La Tribune de Genève, mars 2004

Ils continuent à tailler le velours sur les compositions d’un troisième album à la facture toujours aussi fluide que les précédents…
Boris Senff, 24Heures (CH)

Ils musardent avec suffisamment de talent pour qu’on ait envie de les suivre…
Renaud Czarnes, Jazzman (F)

Avec 3E Jour, ce triangle verni de musiciens accomplis confirme son sens des épures….
Olivier Horner, Le Temps (CH)

Leurs compositions sont spontanées et mélodieuses, toniques et sensuelles, et laissent la place à des ‘accidents’ maîtrisés…
Le Matin (CH)

Ce qui touche tellement dans leur musique, c’est le sentiment que rien n’est simulé.

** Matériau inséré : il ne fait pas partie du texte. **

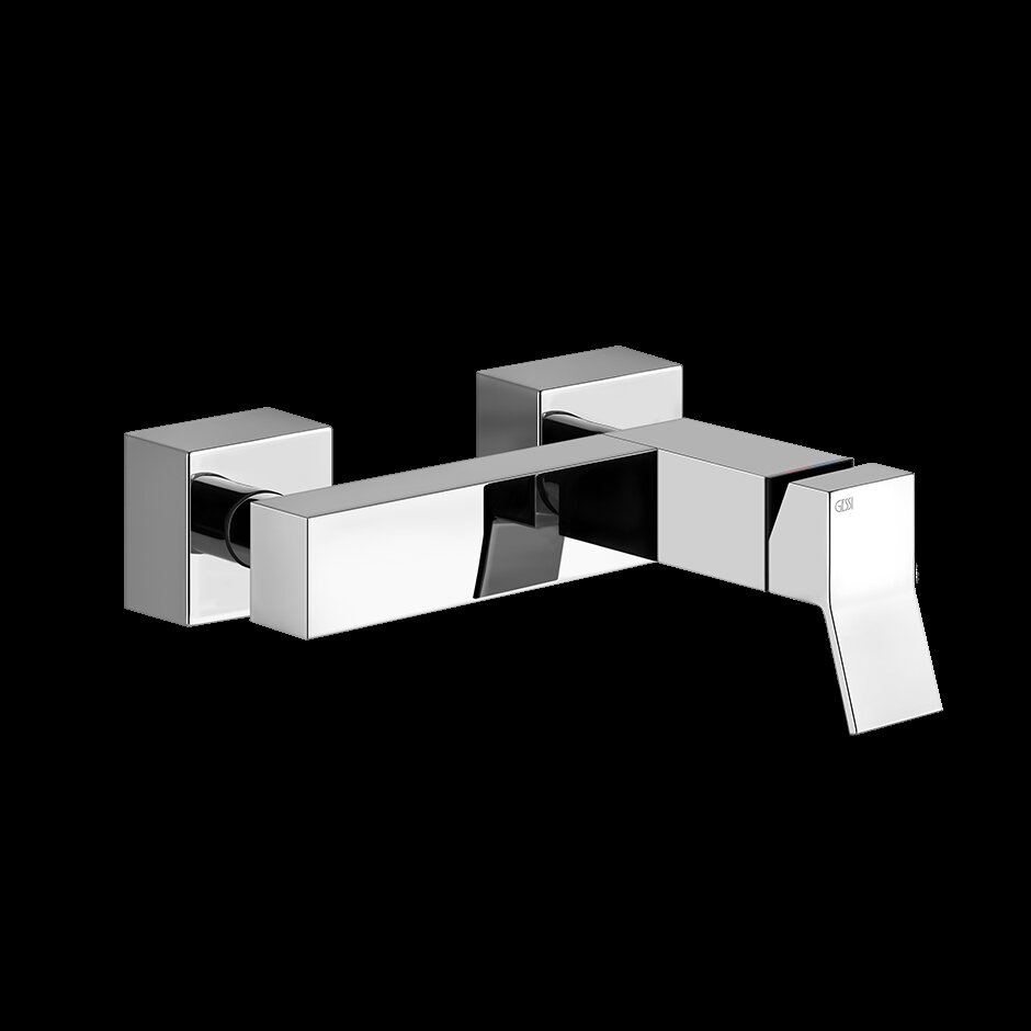 Modern gestaltete Brausebatterie von Gessi aus der Designlinie Rettangolo K. Würfelförmige Rosetten, exakte Linienführung und punktgenau abgepasste Kanten machen aus dieser Armatur einen wahren Blickfang, der die Leidenschaft für elegantes, italienisches Design in die Dusche holt. Zeitlos und gleichzeitig ein Ausdruck modernster Kreativität ist die Linie Rettangolo K genau das Richtige für Individualisten, die ihrem Badezimmer in jedem Winkel etwas Besonderes verleihen wollen.

Sur un cadre aux entournures lyriques, ils multiplient les brisures, les faux plis. Le trio (…) se laisse emporter par les désordres de l’instant. Ici, le triangle opère à cœur ouvert. Sens de la composition sidérant, goût des déséquilibres féconds, Format A Trois bâtit sa libre pensée. Ce trio devrait partir en une tournée ininterrompue et transmettre sa parole bouleversante.
Arnaud Robert, Le Temps

Le pianiste Alexis Gfeller, le contrebassiste Fabien Sevilla et le batteur Patrick Dufresne développent un dialogue permanent, où les contributions de chacun s’imbriquent comme si elles formaient une seule immense phrase expressive. Ce sens de l’équilibre et de l’échange, le trio vaudois l’a peaufiné en quatre ans de complicité ininterrompue. On pense aux formations classiques de Bill Evans, à la rencontre entre Geri Allen, Charlie Haden et Paul Motian. Chez ces monstres sacrés comme avec Format A Trois, le son reste en apesanteur, baigné dans une lumière tamisée, où murmurent des mélodies tout en finesse et mélancolie. Un trio rare.